Wednesday, January 09, 2013
I foolishly just lost the blog I just wrote. Of course, I would go searching for something in the tab where SP is.
Anyway, I weighed in today. I normally only weigh in once a week, but I gained on Saturday--so let myself reweigh today. Down 2.6 pounds. I am doing pretty well. I am almost at my weight loss goal--well my first big goal anyway. My goal is 7.5 pounds away. I am officially out of the 190's. I began this journey needing to lose nearly 100 pounds. I am almost at the half way mark, which is really exciting. My bmi has gone from "41.1" to "33.5". I am barely out of the 190's, but I am out of there. I have lost 43 pounds--and have about 55 more to go.

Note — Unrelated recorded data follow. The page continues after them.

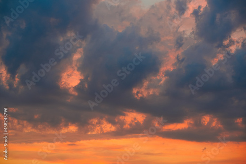 Fototapeta premium Dramatic sky at sunset with red, yellow and orange colors.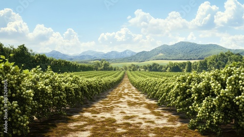 © Johannes, Naklejka premium level lines of currants plantation, natural fruit products.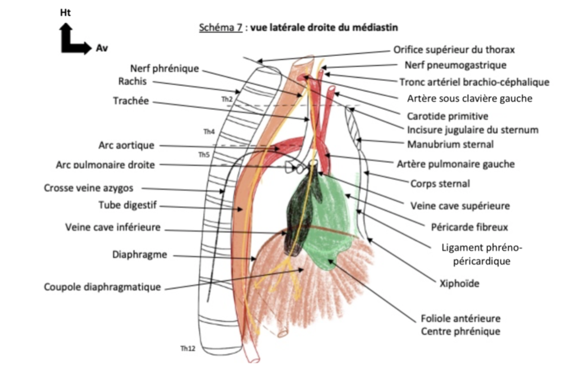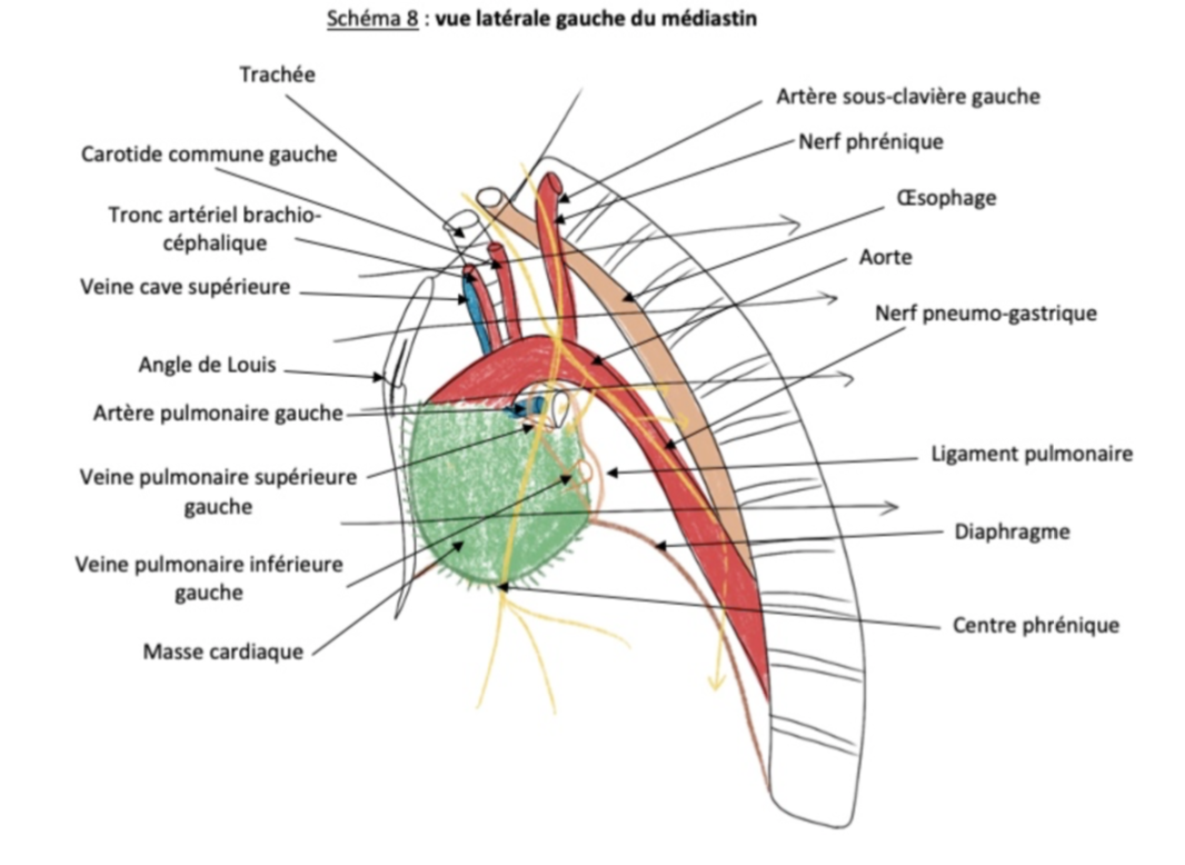- L'oesophage est très visible à droite, il cache donc l'aorte sur une vue latérale droite - L'aorte est très visible à gauche, elle cache l'oesophage sur une vue latérale gauche
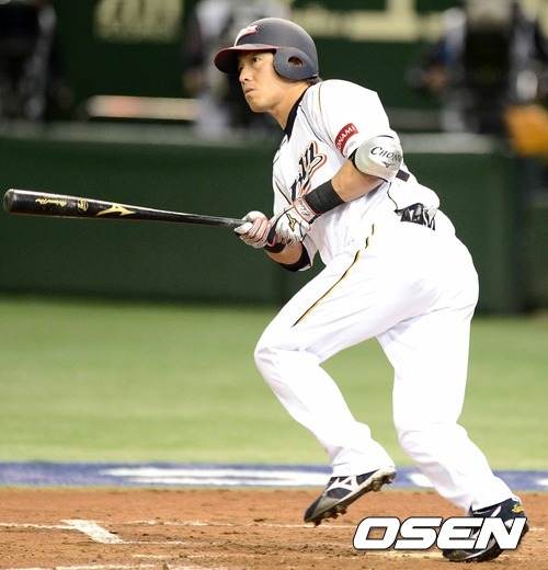 12일 오후 일본 도쿄돔에서 열린 '2013 월드베이스볼클래식(WBC)' 2라운드 1조 일본과 네덜란드의 경기, 2회말 1사 만루에서 일본 조노가 3타점 적시 2루타를 치고 있다.

I am trying to give everything I do my best. I want to glorify God in every area of my life. This includes how I eat and trying to exercise even if it is only a little bit. The really key things I am focusing on are:
Spending my time in the Word with the Lord daily: It is essential. If I go to the gym before my quiet time, my time at the gym isn't profitable. It is the Lord who gives me strength, and my time with Him has to come first! I want to continue in my reading through the Bible in a year study--this has been such a blessing as I go to the gym and try to keep my eyes focused on Him. I can read through the chapters I am on while I am there at the gym, then go look at them later at home.
Eating in a way that will glorify Him and take care of my body: Thankfully, he continues to show me what I need to eat and stay away from. I need to stay away from allergy foods, but also I need to give my body the protein it needs. Evidently low protein means much more Fibromyalgia pain and symptoms... I hate tracking nutritional stuff, but it is the only way I will actually eat protein. My new protein powder will be very helpful in this area. It isn't as good as Muscle Milk, but it is also cheaper and fructose free. It is a daily thing of learning to eat protein, and the Lord guides me all the way!
Exercising when I can: My goal in exercising is to just try. All I want to do is try. I want to try to go to the gym every weekday to do something. It takes a mile to actually make it to and from the gym, but it also means--by just going and trying, I am accomplishing alot. It may not be very much that I can do depending on the day, but I can go and try. I was able to go 4 days last week. I am about to leave in a few minutes for the gym, and it will be day 3 for this week. Hoping to make each weekday. I just have to go and try. Each day in everything, it is about giving God my absolute best and growing closer to Him as I am on this journey!